##### INFORMATION PROVIDED #####
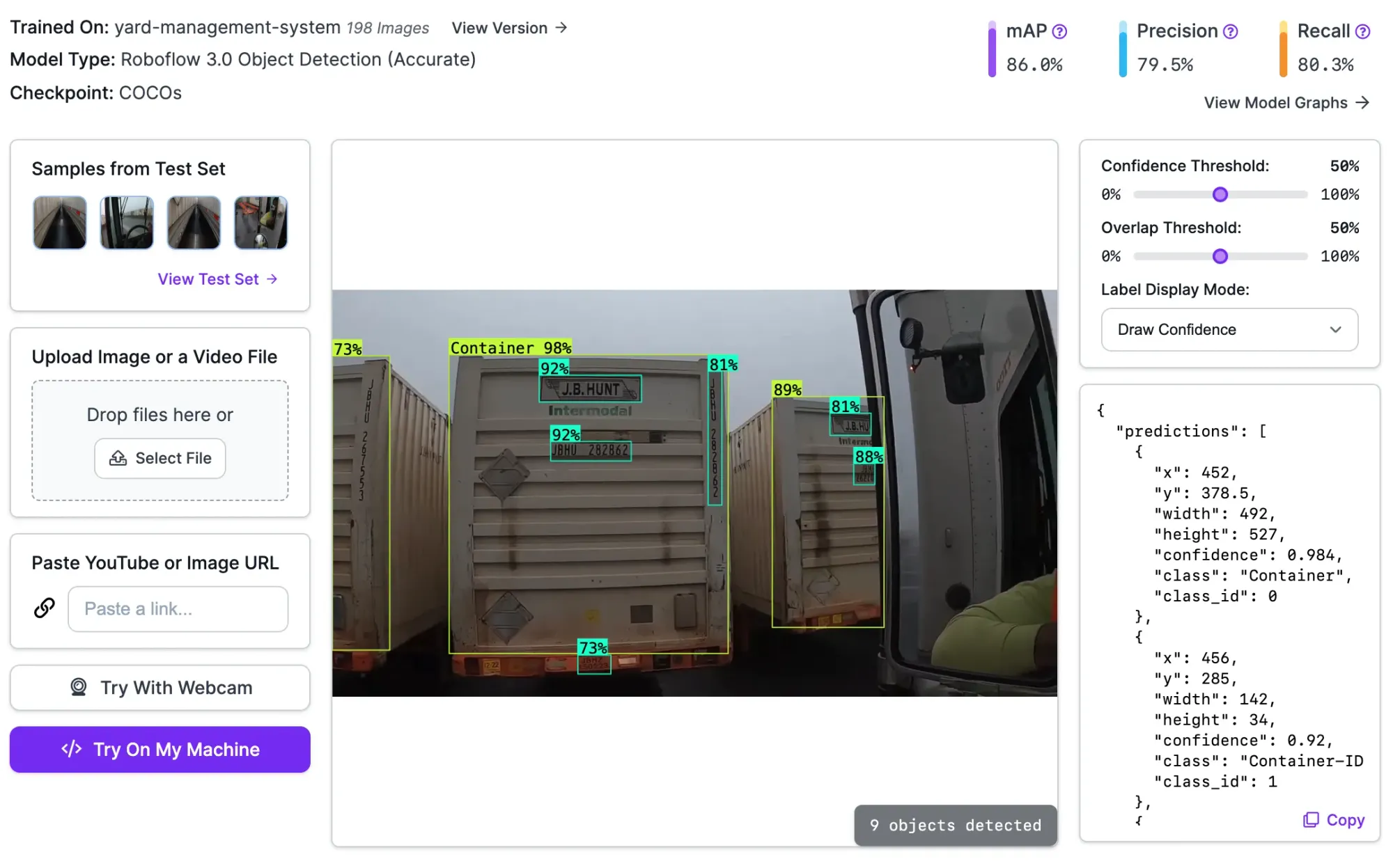 You can use computer vision for yard inventory management. In this guide, we walked through how to build a yard management system with computer vision. We trained a model to identify objects of interest. These included shipping containers, container IDs, and chassis IDs.
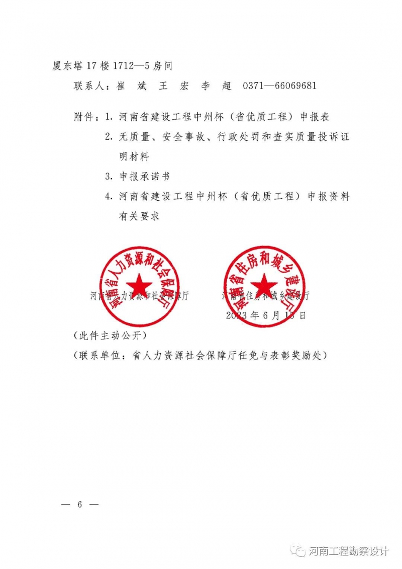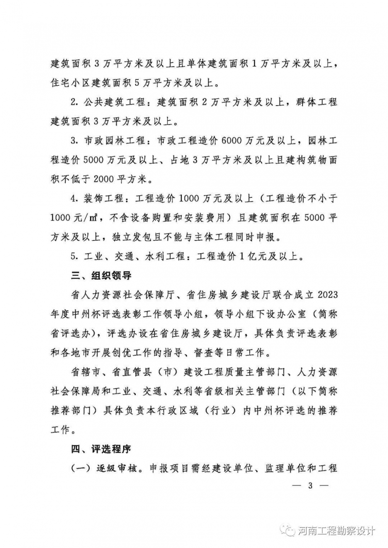 河南省人力资源和社会保障厅 河南省住房和城乡建设厅关于开展2023年度 河南省建设工程中州杯(省优质工程) 评选工作的通知
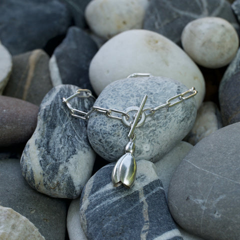 A Sterling silver hydrangea flower bracelet. This floral bracelet has two flowers sitting across your wrist with an oval chain and a T-bar catch. Hallmarked botanical jewellery, made by hand in England. New for this year and to match with my hydrangea posy necklace,
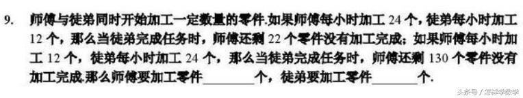 看起来是个工程问题,其实只是一个数量关系的问题。如果我来教,我会引导学生换个角度去看问题,把题目的意思转化成:“师傅的数量减去徒弟数量的2倍,还剩22个;师傅的数量减去徒弟数量的1/2,还剩130”,解题就很轻松。
#####
**WHAT IS NEEDED:**
None of the pictures should be kept; reproduce all the remaining material exactly.

**RESULT OF THIS TASK:**
 You can use computer vision for yard inventory management. In this guide, we walked through how to build a yard management system with computer vision. We trained a model to identify objects of interest. These included shipping containers, container IDs, and chassis IDs.
 河南省人力资源和社会保障厅 河南省住房和城乡建设厅关于开展2023年度 河南省建设工程中州杯(省优质工程) 评选工作的通知
 A Sterling silver hydrangea flower bracelet. This floral bracelet has two flowers sitting across your wrist with an oval chain and a T-bar catch. Hallmarked botanical jewellery, made by hand in England. New for this year and to match with my hydrangea posy necklace,
 看起来是个工程问题,其实只是一个数量关系的问题。如果我来教,我会引导学生换个角度去看问题,把题目的意思转化成:“师傅的数量减去徒弟数量的2倍,还剩22个;师傅的数量减去徒弟数量的1/2,还剩130”,解题就很轻松。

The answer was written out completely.